Exercise objective — Restate, exactly as written, the entries below from the line that holds "Scena biblica: Vengono" through the line that holds "1.25G SFP SM". Pictures are not part of the copy.
++++
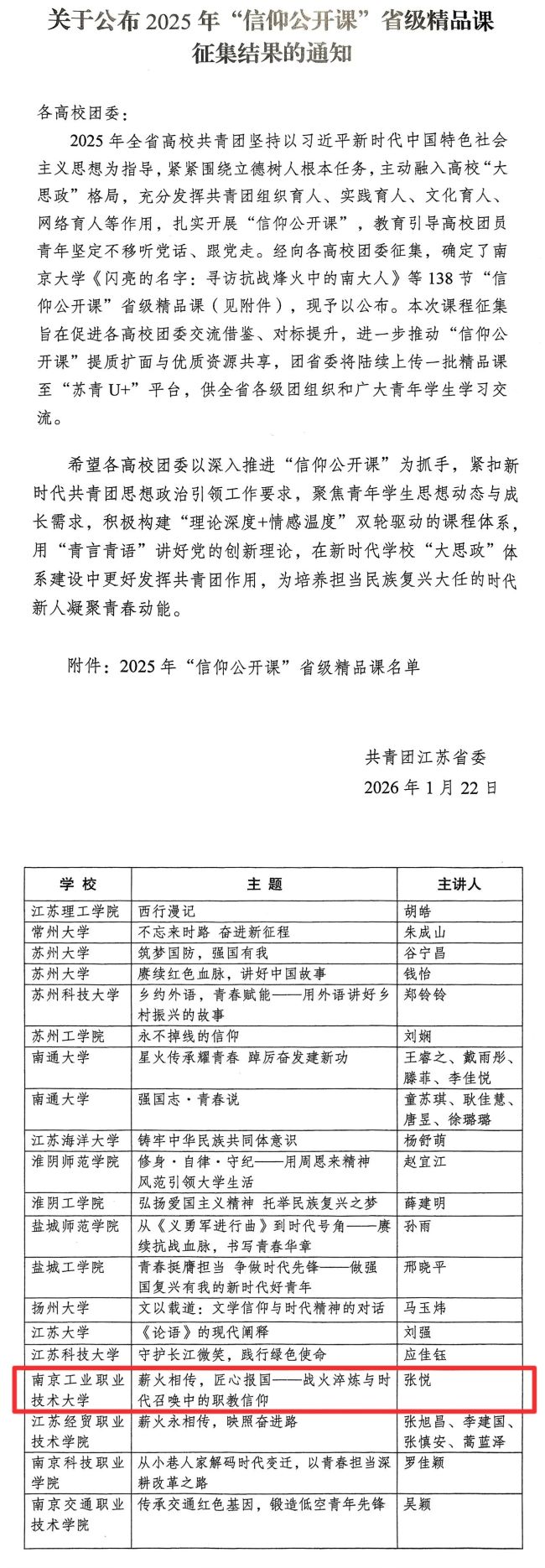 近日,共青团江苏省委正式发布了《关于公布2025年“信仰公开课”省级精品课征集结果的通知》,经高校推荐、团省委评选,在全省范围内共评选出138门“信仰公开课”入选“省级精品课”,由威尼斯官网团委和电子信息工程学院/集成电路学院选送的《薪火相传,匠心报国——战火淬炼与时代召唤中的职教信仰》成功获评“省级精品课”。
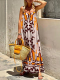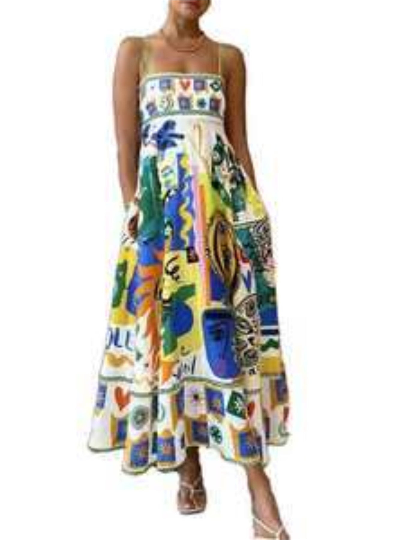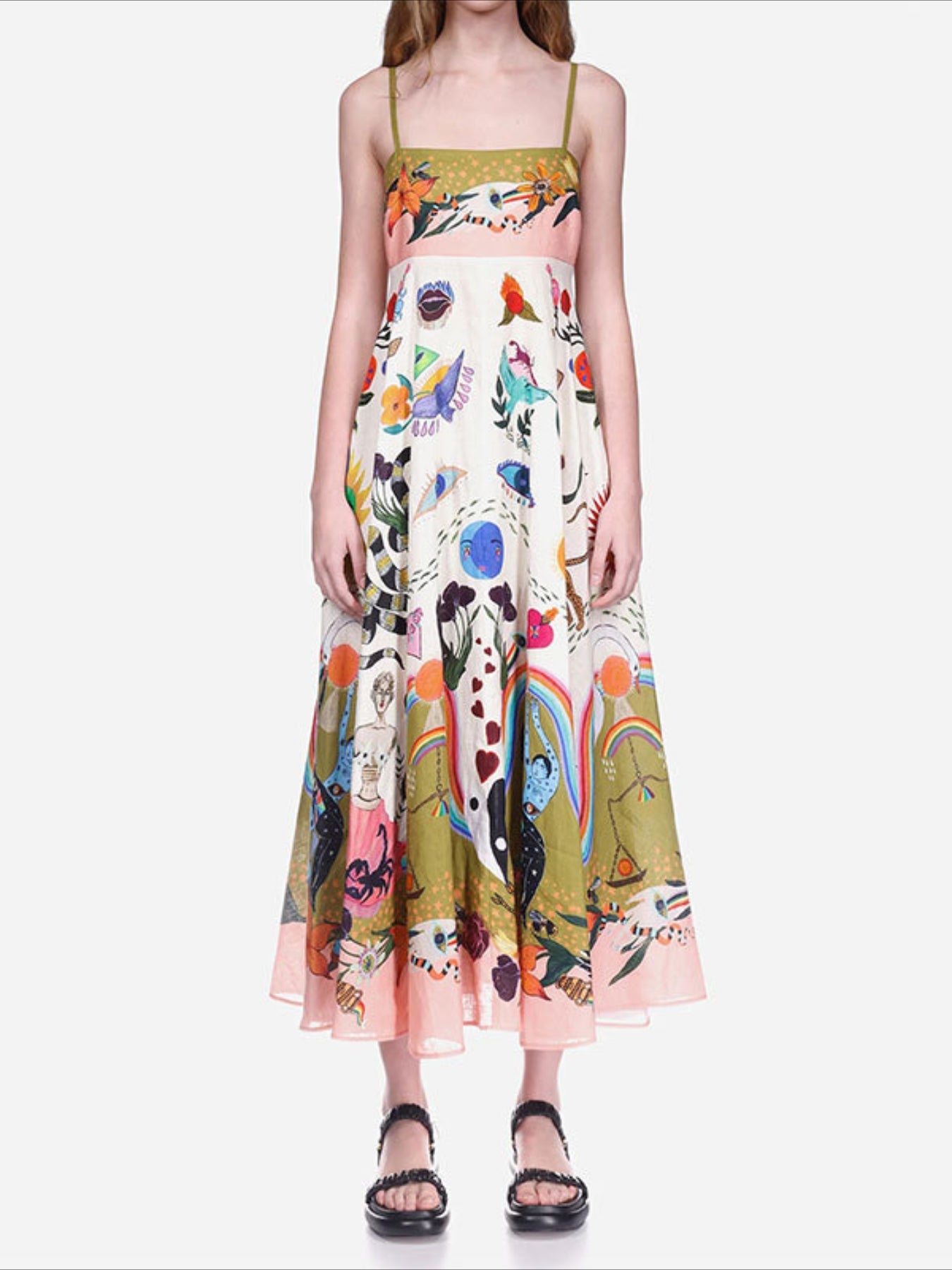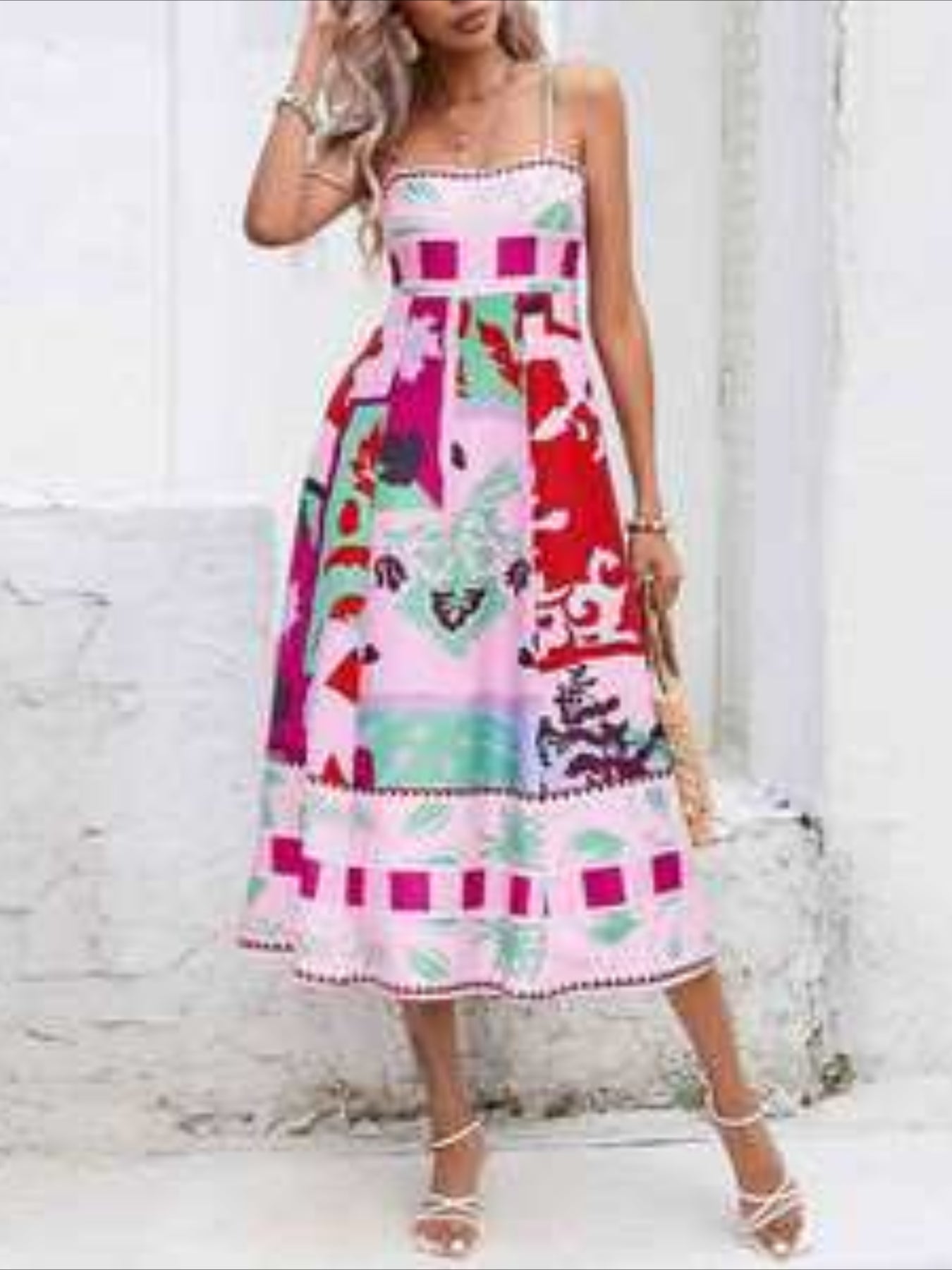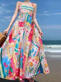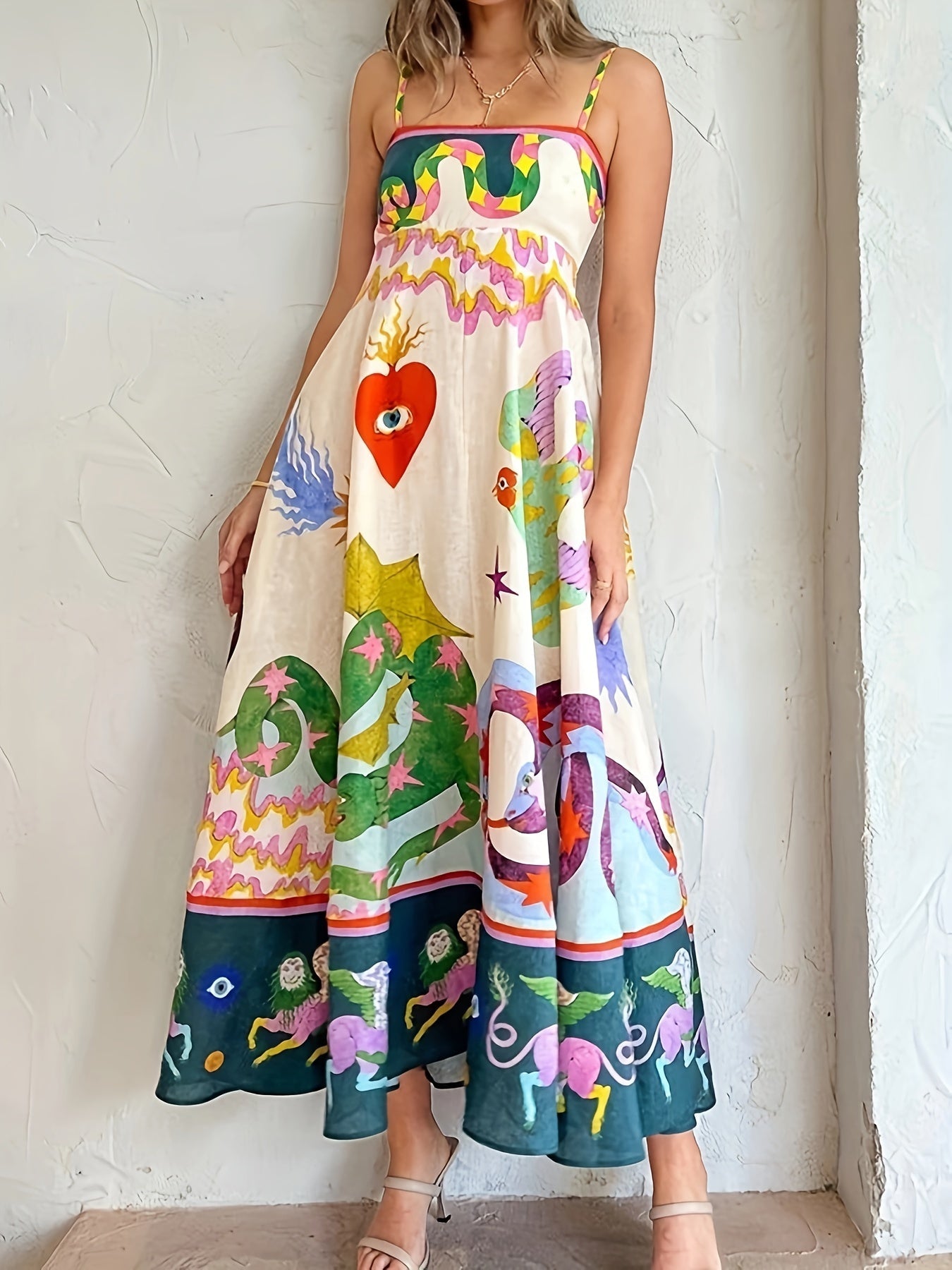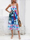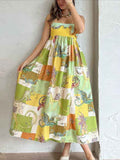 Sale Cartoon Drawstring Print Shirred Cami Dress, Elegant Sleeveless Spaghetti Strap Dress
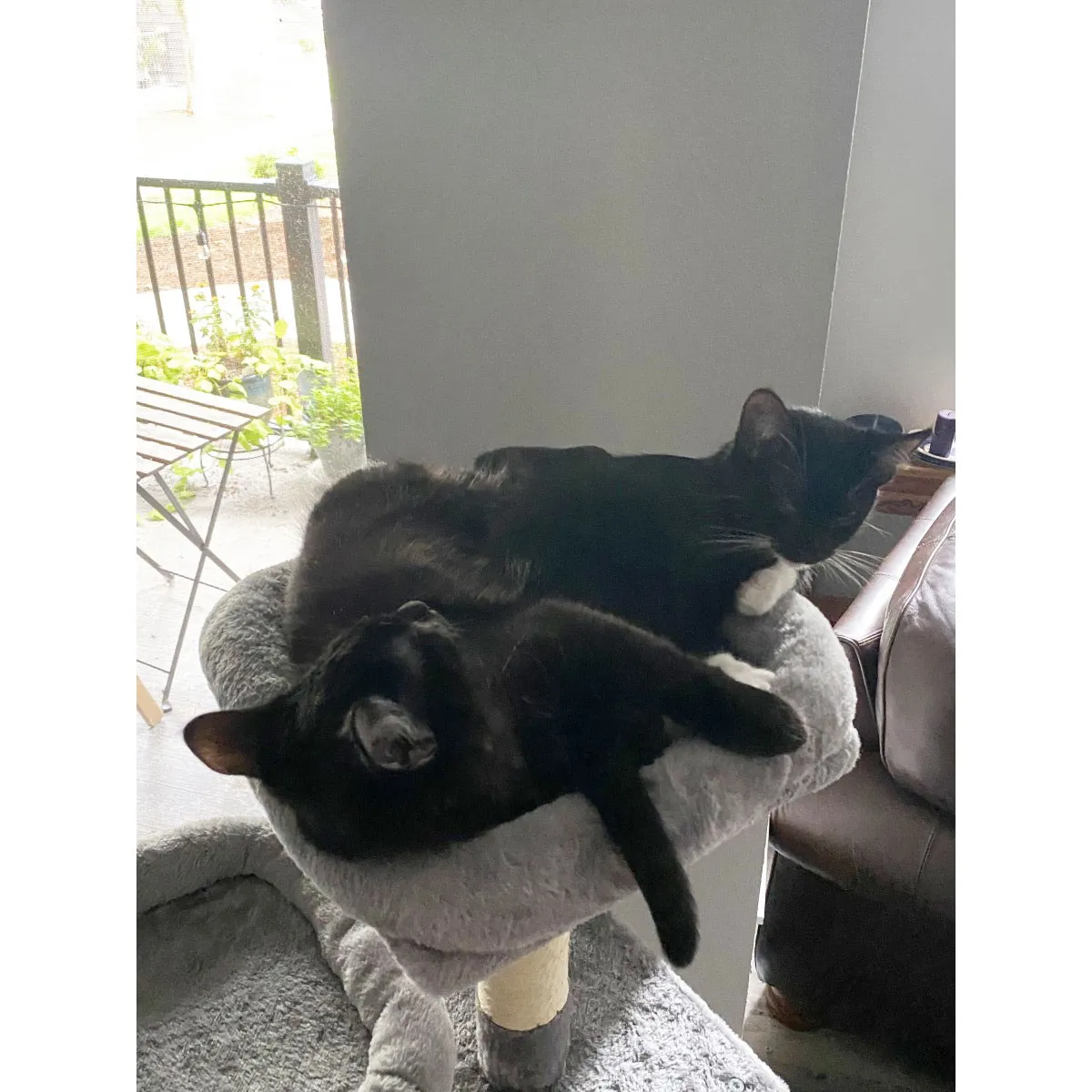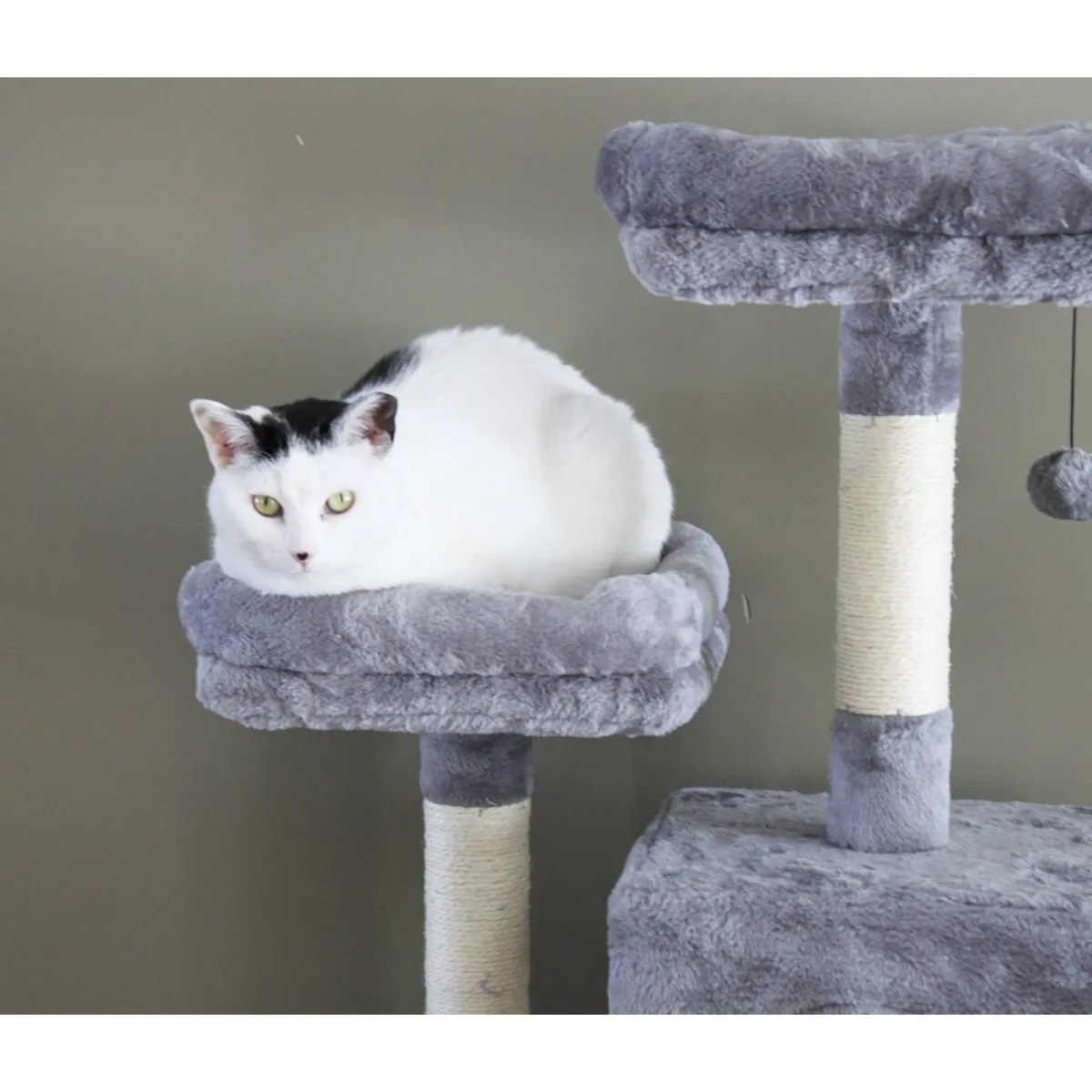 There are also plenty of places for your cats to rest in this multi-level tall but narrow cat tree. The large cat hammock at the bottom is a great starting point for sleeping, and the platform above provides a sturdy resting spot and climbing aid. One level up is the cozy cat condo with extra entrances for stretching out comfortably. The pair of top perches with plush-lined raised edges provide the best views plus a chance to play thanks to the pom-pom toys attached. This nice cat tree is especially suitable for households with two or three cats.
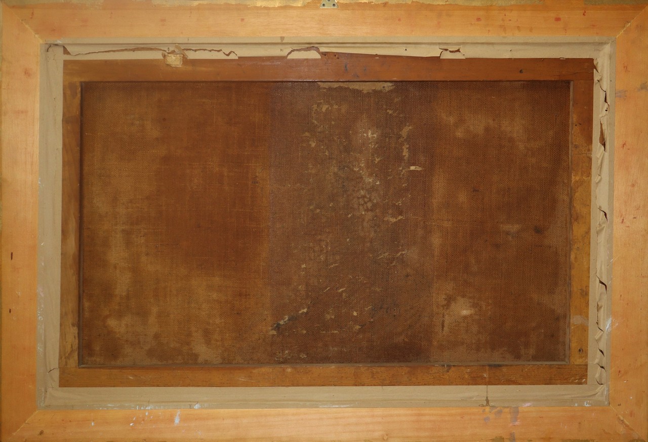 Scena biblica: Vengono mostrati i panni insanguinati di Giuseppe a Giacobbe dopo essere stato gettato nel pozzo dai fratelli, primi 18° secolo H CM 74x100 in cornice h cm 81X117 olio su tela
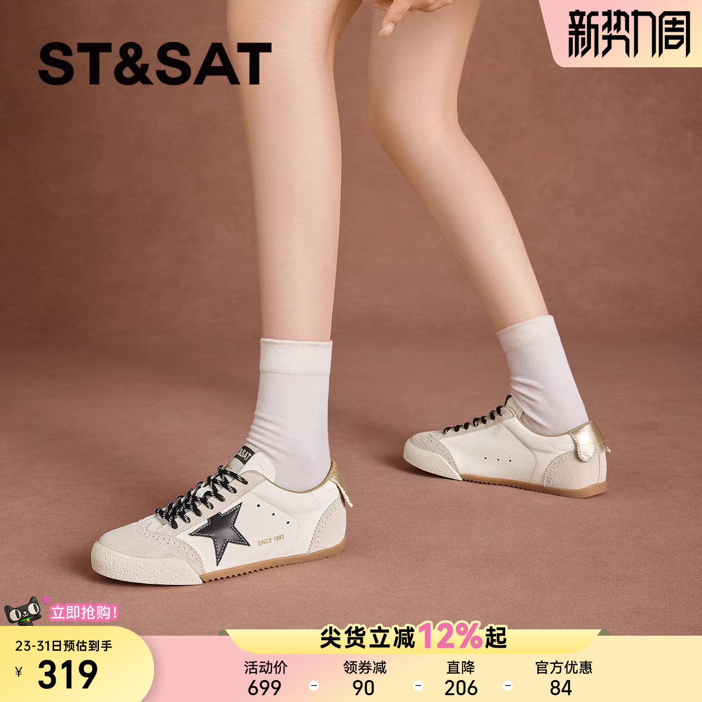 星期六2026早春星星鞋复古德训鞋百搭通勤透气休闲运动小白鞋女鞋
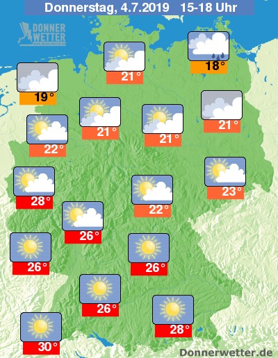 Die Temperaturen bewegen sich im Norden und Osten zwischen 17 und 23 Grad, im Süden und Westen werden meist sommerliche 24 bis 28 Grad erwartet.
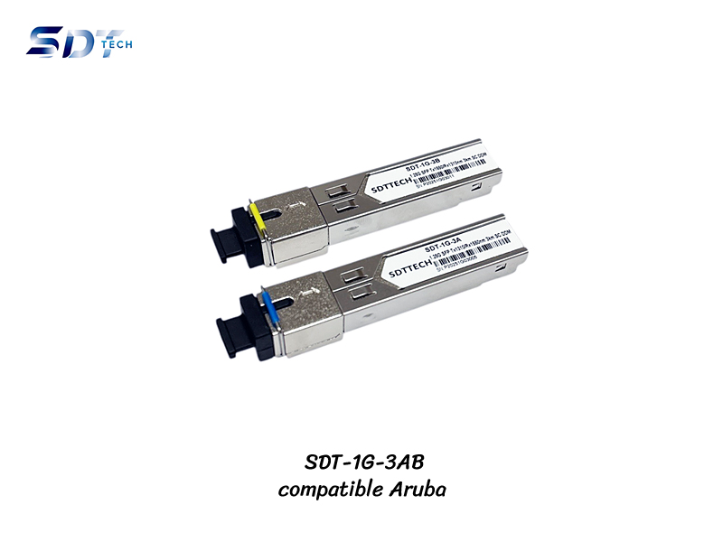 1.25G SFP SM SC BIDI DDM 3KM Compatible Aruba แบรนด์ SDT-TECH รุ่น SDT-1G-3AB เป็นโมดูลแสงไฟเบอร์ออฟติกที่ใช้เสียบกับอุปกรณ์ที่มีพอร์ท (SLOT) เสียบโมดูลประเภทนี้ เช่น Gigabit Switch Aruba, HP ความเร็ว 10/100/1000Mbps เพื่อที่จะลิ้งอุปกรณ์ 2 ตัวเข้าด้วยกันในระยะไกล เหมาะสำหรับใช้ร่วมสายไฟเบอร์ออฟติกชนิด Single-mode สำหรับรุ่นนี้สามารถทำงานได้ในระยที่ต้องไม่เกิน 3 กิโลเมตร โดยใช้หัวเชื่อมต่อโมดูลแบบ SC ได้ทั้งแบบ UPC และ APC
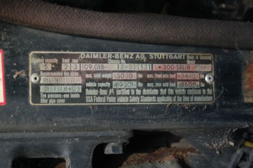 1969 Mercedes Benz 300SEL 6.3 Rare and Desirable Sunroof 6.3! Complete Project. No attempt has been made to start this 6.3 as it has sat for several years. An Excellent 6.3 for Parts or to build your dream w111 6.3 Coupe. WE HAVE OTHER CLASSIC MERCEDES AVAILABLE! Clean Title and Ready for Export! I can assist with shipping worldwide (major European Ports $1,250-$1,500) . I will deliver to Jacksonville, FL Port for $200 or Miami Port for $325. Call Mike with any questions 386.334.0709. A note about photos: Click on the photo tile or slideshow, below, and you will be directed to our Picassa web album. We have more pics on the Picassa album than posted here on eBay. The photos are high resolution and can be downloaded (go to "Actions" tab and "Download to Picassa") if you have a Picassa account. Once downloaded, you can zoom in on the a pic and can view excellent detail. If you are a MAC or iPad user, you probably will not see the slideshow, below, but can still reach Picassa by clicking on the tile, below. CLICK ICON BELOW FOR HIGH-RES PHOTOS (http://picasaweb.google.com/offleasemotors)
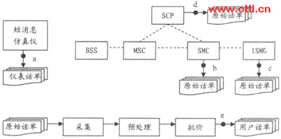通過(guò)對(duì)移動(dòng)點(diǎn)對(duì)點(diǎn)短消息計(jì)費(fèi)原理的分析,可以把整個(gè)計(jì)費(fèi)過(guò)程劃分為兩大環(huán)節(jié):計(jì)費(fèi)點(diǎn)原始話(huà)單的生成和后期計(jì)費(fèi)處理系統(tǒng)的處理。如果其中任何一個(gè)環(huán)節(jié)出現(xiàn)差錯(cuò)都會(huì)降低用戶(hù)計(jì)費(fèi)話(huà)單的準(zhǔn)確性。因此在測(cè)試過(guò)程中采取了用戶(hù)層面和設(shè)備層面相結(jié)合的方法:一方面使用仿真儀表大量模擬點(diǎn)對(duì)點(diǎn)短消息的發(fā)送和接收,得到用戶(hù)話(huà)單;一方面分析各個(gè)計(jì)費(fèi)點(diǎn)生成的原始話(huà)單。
++++
Answer for this exercise —
 Scena biblica: Vengono mostrati i panni insanguinati di Giuseppe a Giacobbe dopo essere stato gettato nel pozzo dai fratelli, primi 18° secolo H CM 74x100 in cornice h cm 81X117 olio su tela
 星期六2026早春星星鞋复古德训鞋百搭通勤透气休闲运动小白鞋女鞋
 Die Temperaturen bewegen sich im Norden und Osten zwischen 17 und 23 Grad, im Süden und Westen werden meist sommerliche 24 bis 28 Grad erwartet.
 1.25G SFP SM SC BIDI DDM 3KM Compatible Aruba แบรนด์ SDT-TECH รุ่น SDT-1G-3AB เป็นโมดูลแสงไฟเบอร์ออฟติกที่ใช้เสียบกับอุปกรณ์ที่มีพอร์ท (SLOT) เสียบโมดูลประเภทนี้ เช่น Gigabit Switch Aruba, HP ความเร็ว 10/100/1000Mbps เพื่อที่จะลิ้งอุปกรณ์ 2 ตัวเข้าด้วยกันในระยะไกล เหมาะสำหรับใช้ร่วมสายไฟเบอร์ออฟติกชนิด Single-mode สำหรับรุ่นนี้สามารถทำงานได้ในระยที่ต้องไม่เกิน 3 กิโลเมตร โดยใช้หัวเชื่อมต่อโมดูลแบบ SC ได้ทั้งแบบ UPC และ APC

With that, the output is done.